• WHAT THE EXERCISE ASKS: Retype each of the records below exactly, leaving the pictures out.

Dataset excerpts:
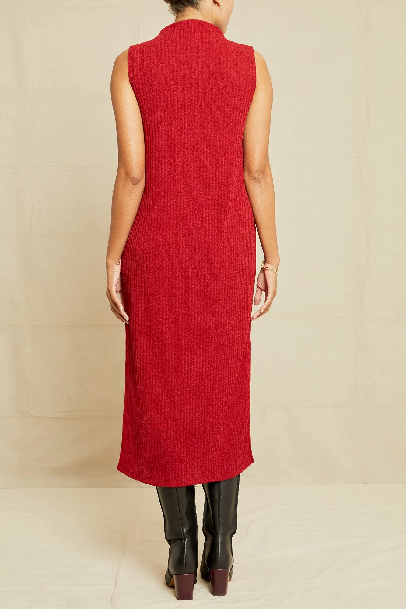 Mock neck, sleeveless relaxed fit midi dress with side slits. Made in our coziest fleece, a blend of modal and organic cotton.
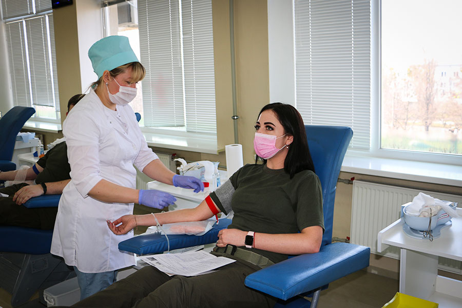 «Карантин сильно вплинув на нашу роботу. Число донорів впало у чотири рази. А ми маємо щонайменше видати до 2000 доз еритровмісних компонентів лікарням щомісяця. При чому, щоб отримати одну таку дозу вагою 250 грам, ми маємо взяти кров у одного донора. Це, звісно, в ідеалі, адже частина доз вибраковується. Тим часом до карантину ми брали кров з п’ятнадцяти наших відділень трансфузіології у Харкові та області. Тепер нам кров передає лише відділення у Чугуєві та декілька лікарень. Ми, навіть, пустили мікроавтобус від Держпрому, щоб возити донорів до нас, але їх все одно бракує. Ситуація поліпшилася тільки тоді, коли нам на допомогу прийшли військові», – пояснила завідувачка відділу заготівлі крові та її компонентів Харківського обласного центру служби крові Аліна Потапенко.
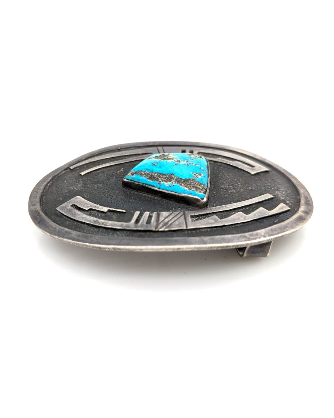 Navajo Gilbert Adakai Sterling Silver Turquoise & Coral Buckle
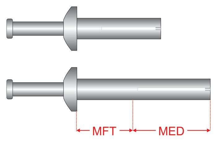 Using a Rotary Hammer tool or a suitable Impact tool, drill a hole into the concrete or masonry substrate to a depth of at least that of your maximum intended embedment depth of the Metal Drive Anchor PLUS an additional depth of at least 1 to 1.5 times the diameter of the specific Metal Drive Anchor being used.
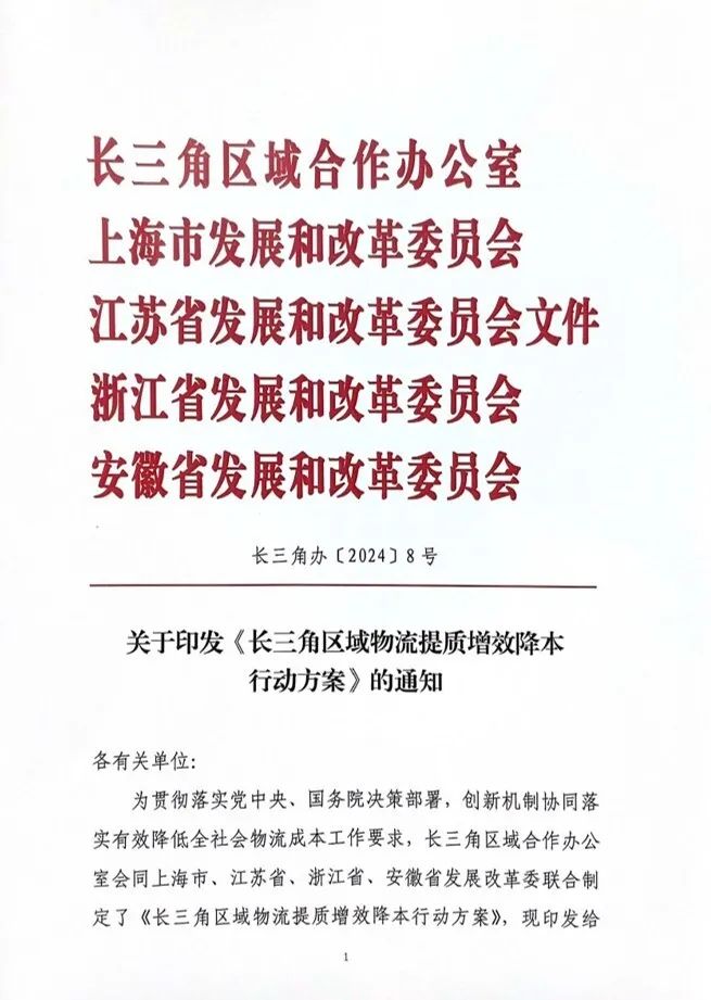 為貫徹落實黨中央、國務院決策部署,創新機制協同落實國家層面有效降低全社會物流成本工作要求,推動降低長三角區域物流成本、提高經濟運行效率,長三角區域合作辦公室、上海市發展改革委、江蘇省發展改革委、浙江省發展改革委、安徽省發展改革委聯合印發《長三角區域物流提質增效降本行動方案》,明確了7方面37項具體舉措。
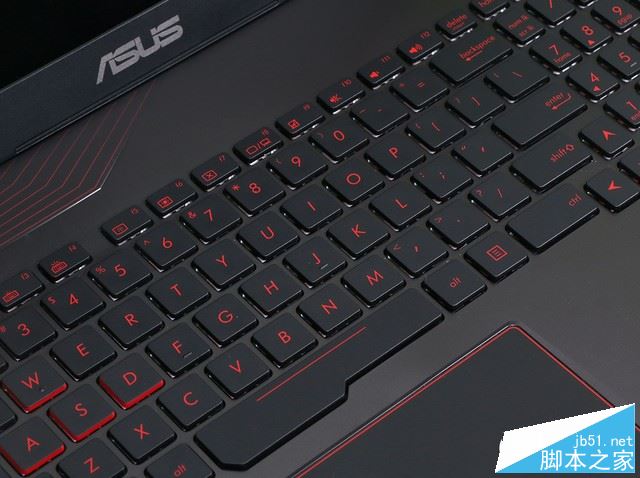 键盘带有红色背光,并对“WASD”进行了红色处理,表明游戏本身份。键盘按压时能够明显感觉到其回弹力度,手感还是非常不错的。触控板为一体式,四周有红色线条修饰,与键盘风格比较统一。
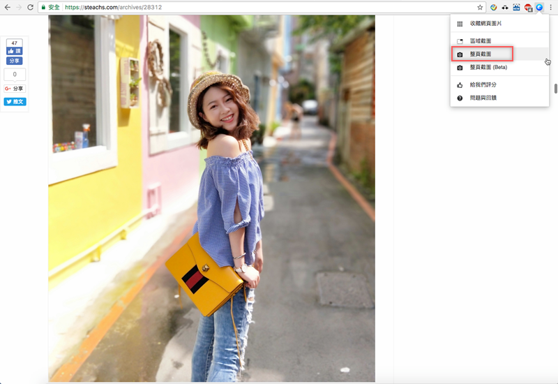 共有收藏網頁圖片、區域截圖、整頁截圖三種功能,點整頁截圖就會一直往下捲動目前看到的網頁,但這功能目前只是 Beta 版,阿湯試用的時候有幾次會卡住。
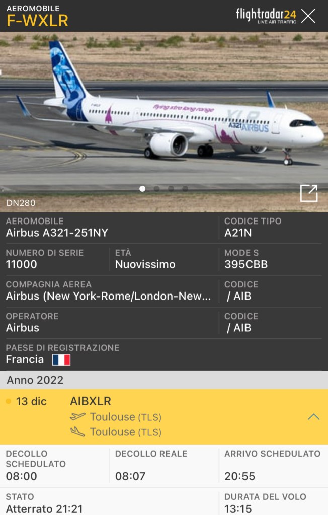 Dopo i giri campo o qualcosa di simile, ma non di lunga durata, al massimo un ora e mezza, oggi l’A321XLR F-WXLR di Airbus ha volato per la prima volta per 13 ore e 15 minuti.
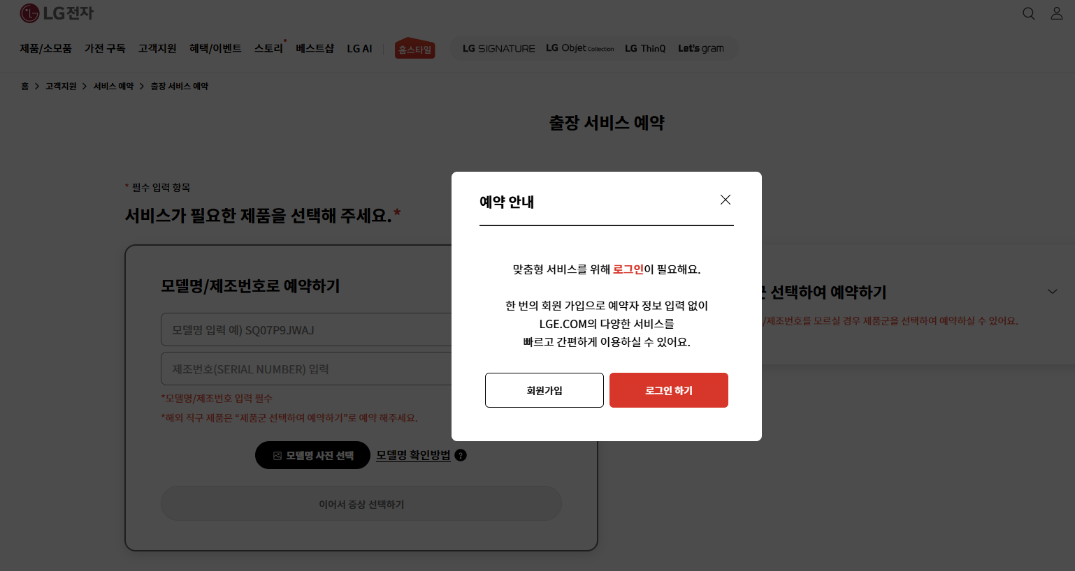 - 고객지원 → 서비스 예약 선택
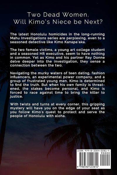 Two Dead Women. Will Kimo's Niece be Next? The latest Honolulu homicides in the long-running Mahu Investigations series are perplexing, even to a seasoned detective like Kimo Kanapa'aka. The two female victims, a young art college student and a seasoned HR executive, seem to have nothing in common. Yet as Kimo and his partner Ray Donne delve deeper into the investigation, they sense a connection between the two. Navigating the murky waters of teen dating, fashion influencers, an experimental power company, and a group of frustrated young men, Kimo is determined to find the truth. But when his own family is threatened, the stakes become personal, and Kimo is forced to race against time to bring the killer to justice.
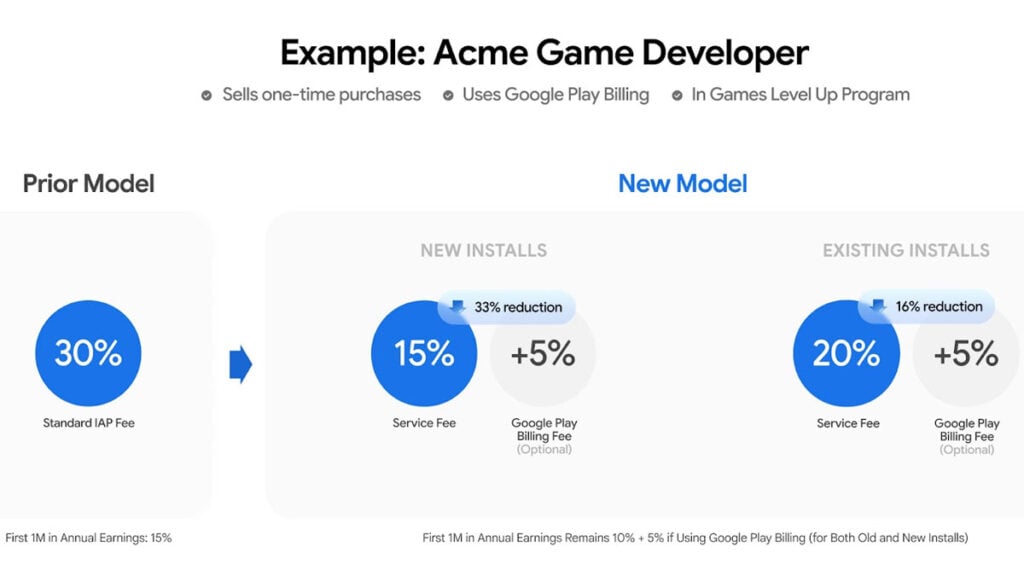 Selain potongan biaya layanan, Google juga memberikan kebebasan bagi developer untuk menggunakan sistem pembayaran mereka sendiri atau mengarahkan pengguna ke situs web eksternal untuk melakukan transaksi. Bagi developer yang masih ingin gunakan Google, biaya layanan untuk langganan rutin (recurring subscriptions) bahkan dipangkas hingga 10%.
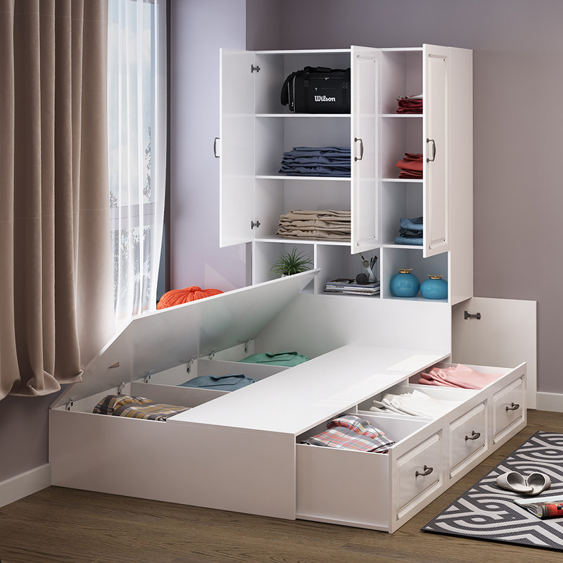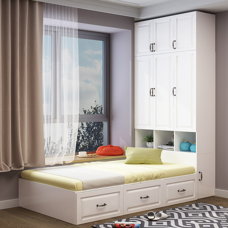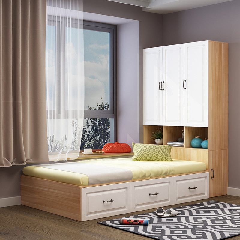 Tatami bed wardrobe integrated small apartment bedroom simple tatami bed multifunctional combination children's bed with desk

• RESPONSE TO THIS TASK:
 Mock neck, sleeveless relaxed fit midi dress with side slits. Made in our coziest fleece, a blend of modal and organic cotton.
 «Карантин сильно вплинув на нашу роботу. Число донорів впало у чотири рази. А ми маємо щонайменше видати до 2000 доз еритровмісних компонентів лікарням щомісяця. При чому, щоб отримати одну таку дозу вагою 250 грам, ми маємо взяти кров у одного донора. Це, звісно, в ідеалі, адже частина доз вибраковується. Тим часом до карантину ми брали кров з п’ятнадцяти наших відділень трансфузіології у Харкові та області. Тепер нам кров передає лише відділення у Чугуєві та декілька лікарень. Ми, навіть, пустили мікроавтобус від Держпрому, щоб возити донорів до нас, але їх все одно бракує. Ситуація поліпшилася тільки тоді, коли нам на допомогу прийшли військові», – пояснила завідувачка відділу заготівлі крові та її компонентів Харківського обласного центру служби крові Аліна Потапенко.
 Navajo Gilbert Adakai Sterling Silver Turquoise & Coral Buckle
 Using a Rotary Hammer tool or a suitable Impact tool, drill a hole into the concrete or masonry substrate to a depth of at least that of your maximum intended embedment depth of the Metal Drive Anchor PLUS an additional depth of at least 1 to 1.5 times the diameter of the specific Metal Drive Anchor being used.
 為貫徹落實黨中央、國務院決策部署,創新機制協同落實國家層面有效降低全社會物流成本工作要求,推動降低長三角區域物流成本、提高經濟運行效率,長三角區域合作辦公室、上海市發展改革委、江蘇省發展改革委、浙江省發展改革委、安徽省發展改革委聯合印發《長三角區域物流提質增效降本行動方案》,明確了7方面37項具體舉措。
 键盘带有红色背光,并对“WASD”进行了红色处理,表明游戏本身份。键盘按压时能够明显感觉到其回弹力度,手感还是非常不错的。触控板为一体式,四周有红色线条修饰,与键盘风格比较统一。
 共有收藏網頁圖片、區域截圖、整頁截圖三種功能,點整頁截圖就會一直往下捲動目前看到的網頁,但這功能目前只是 Beta 版,阿湯試用的時候有幾次會卡住。
 Dopo i giri campo o qualcosa di simile, ma non di lunga durata, al massimo un ora e mezza, oggi l’A321XLR F-WXLR di Airbus ha volato per la prima volta per 13 ore e 15 minuti.
 - 고객지원 → 서비스 예약 선택
 Two Dead Women. Will Kimo's Niece be Next? The latest Honolulu homicides in the long-running Mahu Investigations series are perplexing, even to a seasoned detective like Kimo Kanapa'aka. The two female victims, a young art college student and a seasoned HR executive, seem to have nothing in common. Yet as Kimo and his partner Ray Donne delve deeper into the investigation, they sense a connection between the two. Navigating the murky waters of teen dating, fashion influencers, an experimental power company, and a group of frustrated young men, Kimo is determined to find the truth. But when his own family is threatened, the stakes become personal, and Kimo is forced to race against time to bring the killer to justice.
 Selain potongan biaya layanan, Google juga memberikan kebebasan bagi developer untuk menggunakan sistem pembayaran mereka sendiri atau mengarahkan pengguna ke situs web eksternal untuk melakukan transaksi. Bagi developer yang masih ingin gunakan Google, biaya layanan untuk langganan rutin (recurring subscriptions) bahkan dipangkas hingga 10%.
 Tatami bed wardrobe integrated small apartment bedroom simple tatami bed multifunctional combination children's bed with desk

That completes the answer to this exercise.